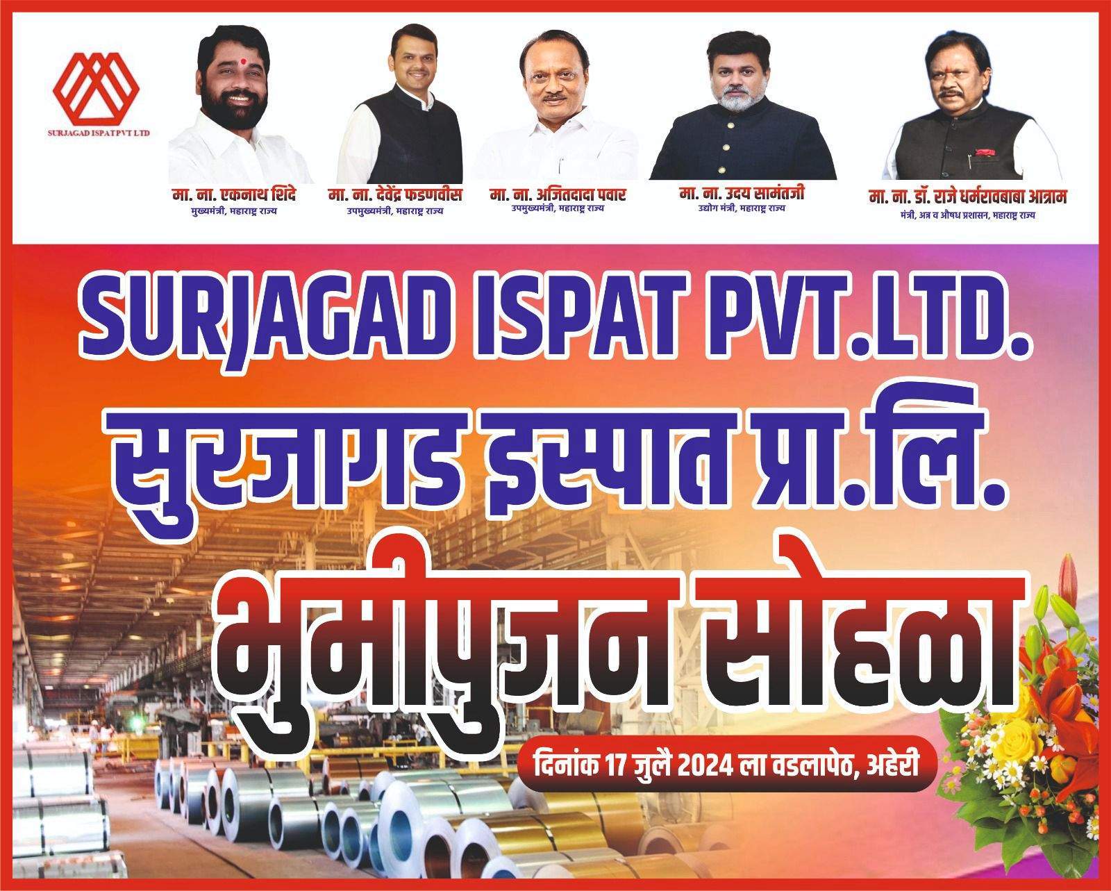 स्टील प्लांट प्रकल्पाचे भूमिपूजन १७ जुलै २०२४ रोजी होणार आहे. या कार्यक्रमाला अजितदादा पवार, उपमुख्यमंत्री आणि वित्त व नियोजन मंत्री यांच्यासह अनेक मान्यवर उपस्थित राहतील; उदय सामंत, उद्योगमंत्री आणि डॉ. धर्मरावबाबा आत्राम, अन्न आणि औषध प्रशासनाचे मंत्री. सोबतच या महत्त्वाच्या सोहळ्याला अनेक शासकीय अधिकारीही उपस्थित राहतील अशी अपेक्षा आहे.
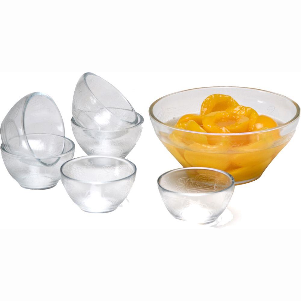 Possui Saladeira Grande mais 6 pequenas para servir Produzido com as melhores Matérias Primas. Vidro totalmente Cristalino e muito Resistente.
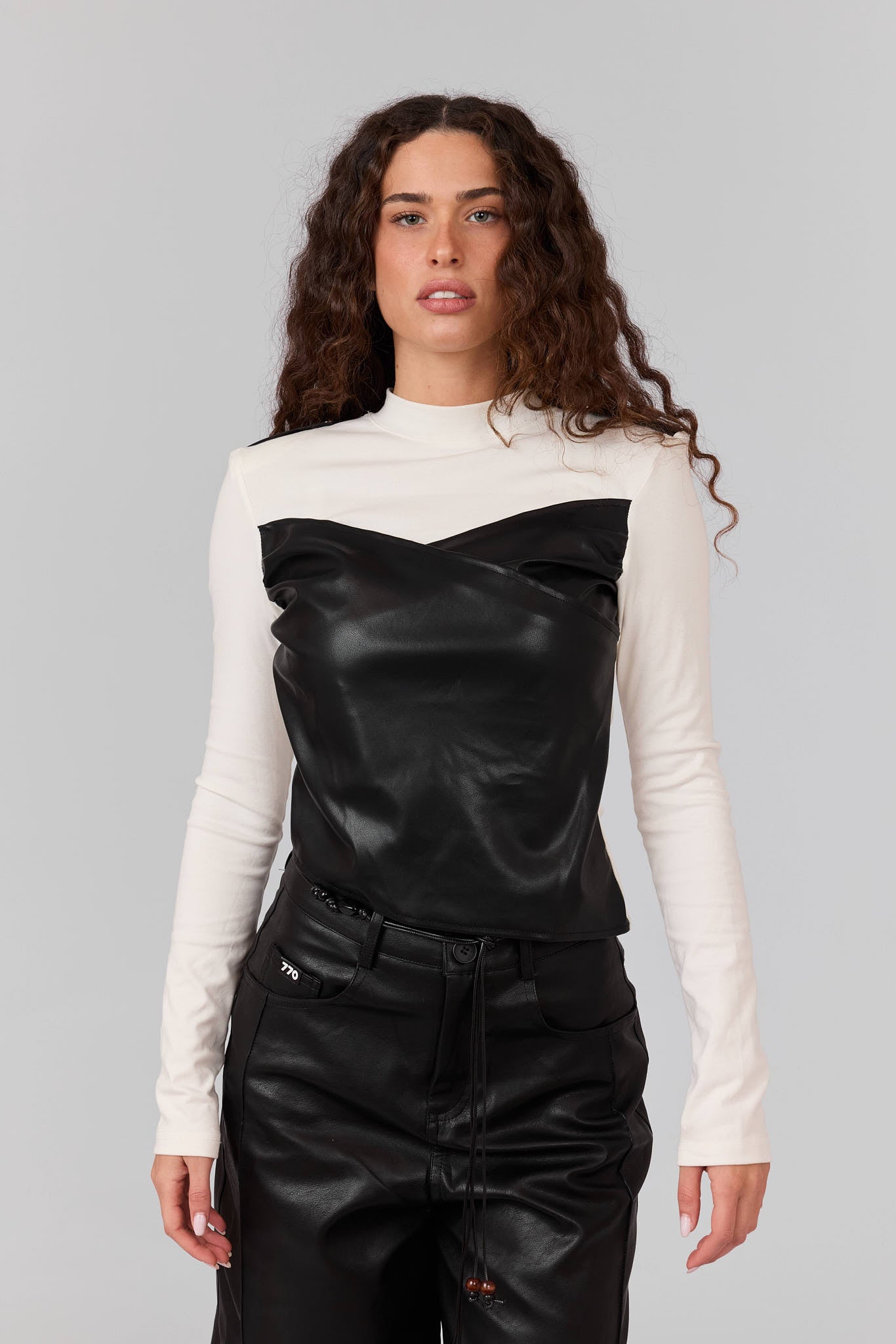 חולצה שילוב דמוי עור
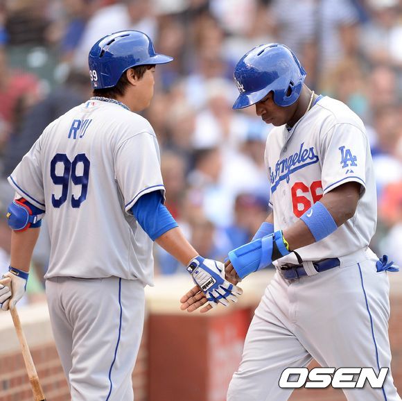 3일(이하 한국시간) 미국 일리노이주 시카고 리글리 필드에서 2013 메이저리그 LA 다저스와 시카고 컵스의 경기 3회초 2사 만루 류현진이 엘리스의 밀어내기 볼넷으로 홈을 밟은 푸이그를 맞이하고 있다.
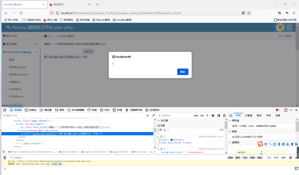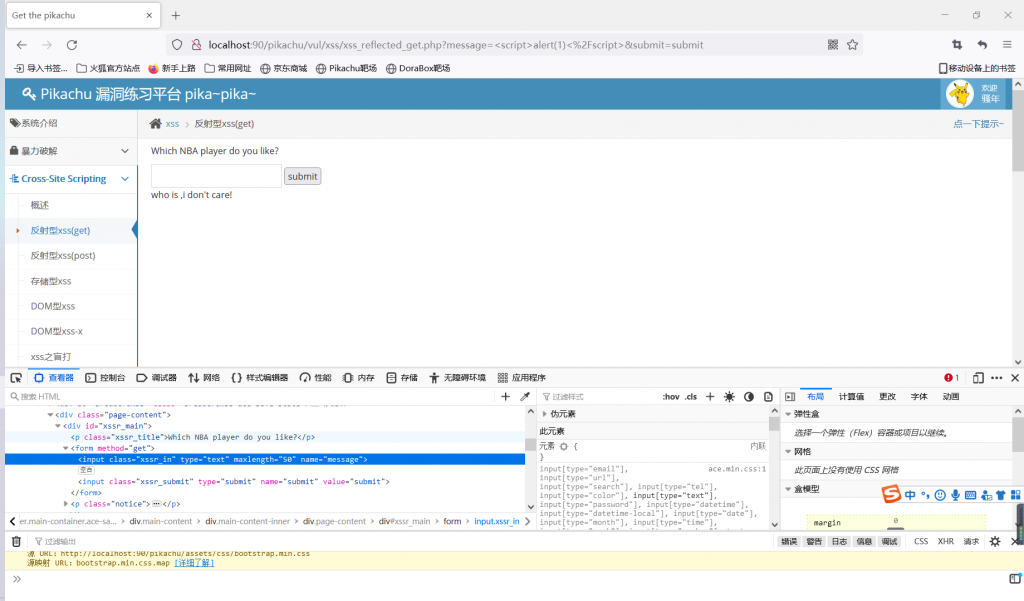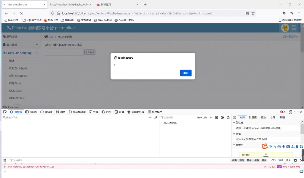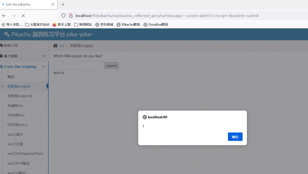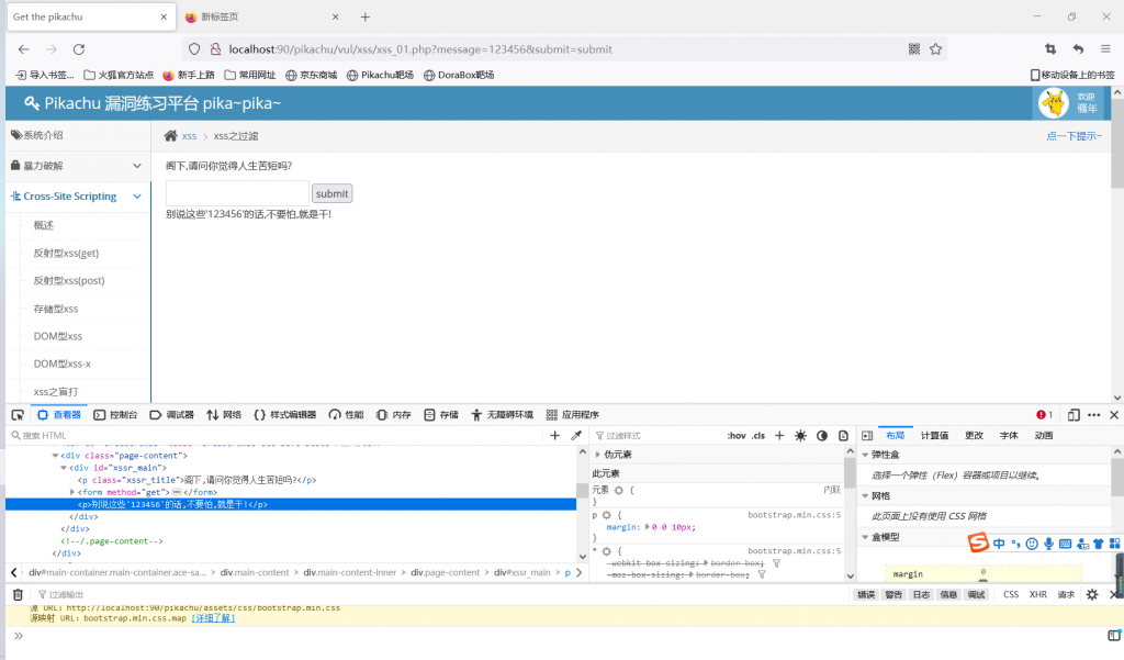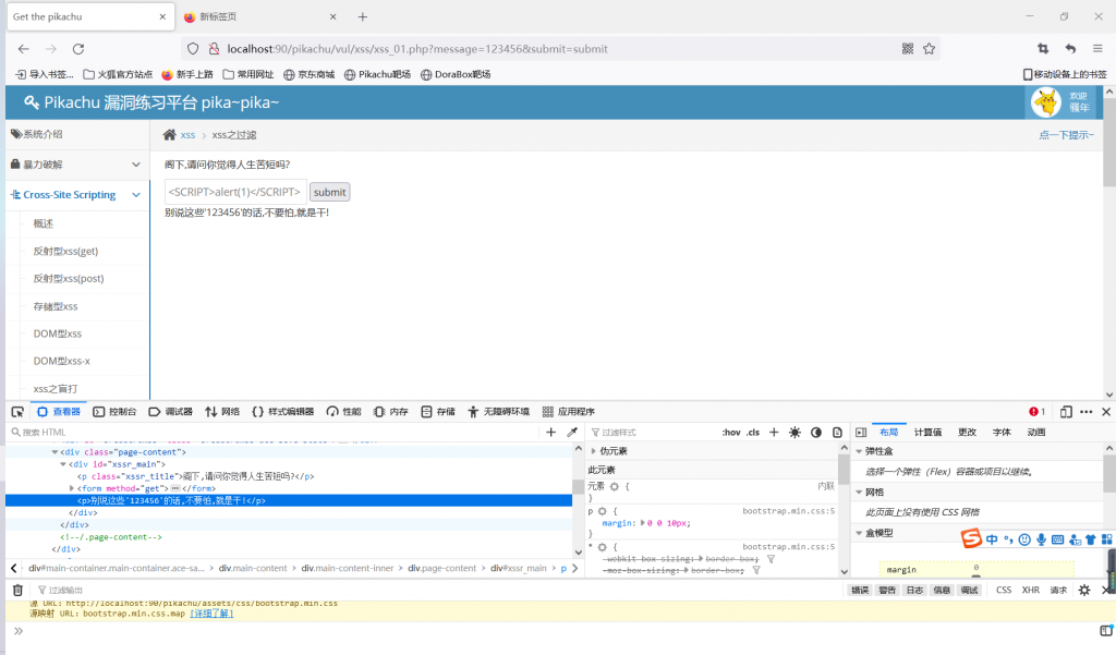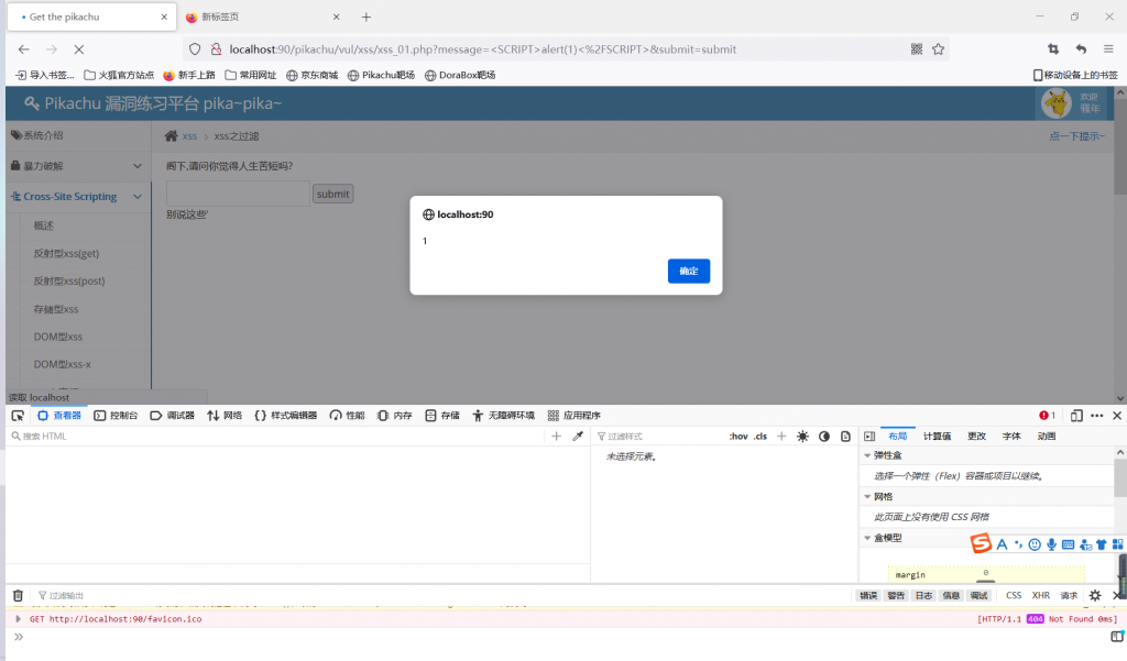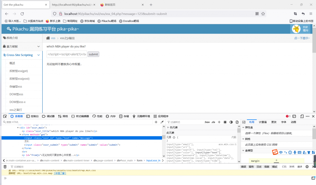 1直接在url地址栏中输入?message= <script>alert(1)</script> &submit=submit
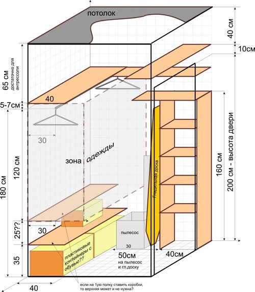 Шкаф скошен сбоку чертеж с размерами для одежды
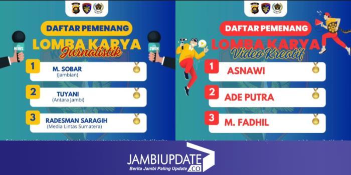 Untuk Juara 1 Karya Jurnalistik diraih oleh M.Sobar Alfahri (Jambian.id) dengan Karya berjudul 'Lika Liku Polairud Polda Jambi Menjaga Ketertiban dan Keamanan Jalur Sungai Yang Terpanjang di Sumatera'.

● ● ● ●

__EXERCISE INSTRUCTIONS__: Every line of the data should be transcribed exactly. Omit the images.

__SOLUTION TO THE PROBLEM__:
 स्टील प्लांट प्रकल्पाचे भूमिपूजन १७ जुलै २०२४ रोजी होणार आहे. या कार्यक्रमाला अजितदादा पवार, उपमुख्यमंत्री आणि वित्त व नियोजन मंत्री यांच्यासह अनेक मान्यवर उपस्थित राहतील; उदय सामंत, उद्योगमंत्री आणि डॉ. धर्मरावबाबा आत्राम, अन्न आणि औषध प्रशासनाचे मंत्री. सोबतच या महत्त्वाच्या सोहळ्याला अनेक शासकीय अधिकारीही उपस्थित राहतील अशी अपेक्षा आहे.
 Possui Saladeira Grande mais 6 pequenas para servir Produzido com as melhores Matérias Primas. Vidro totalmente Cristalino e muito Resistente.
 חולצה שילוב דמוי עור
 3일(이하 한국시간) 미국 일리노이주 시카고 리글리 필드에서 2013 메이저리그 LA 다저스와 시카고 컵스의 경기 3회초 2사 만루 류현진이 엘리스의 밀어내기 볼넷으로 홈을 밟은 푸이그를 맞이하고 있다.
 1直接在url地址栏中输入?message= <script>alert(1)</script> &submit=submit
 Шкаф скошен сбоку чертеж с размерами для одежды
 Untuk Juara 1 Karya Jurnalistik diraih oleh M.Sobar Alfahri (Jambian.id) dengan Karya berjudul 'Lika Liku Polairud Polda Jambi Menjaga Ketertiban dan Keamanan Jalur Sungai Yang Terpanjang di Sumatera'.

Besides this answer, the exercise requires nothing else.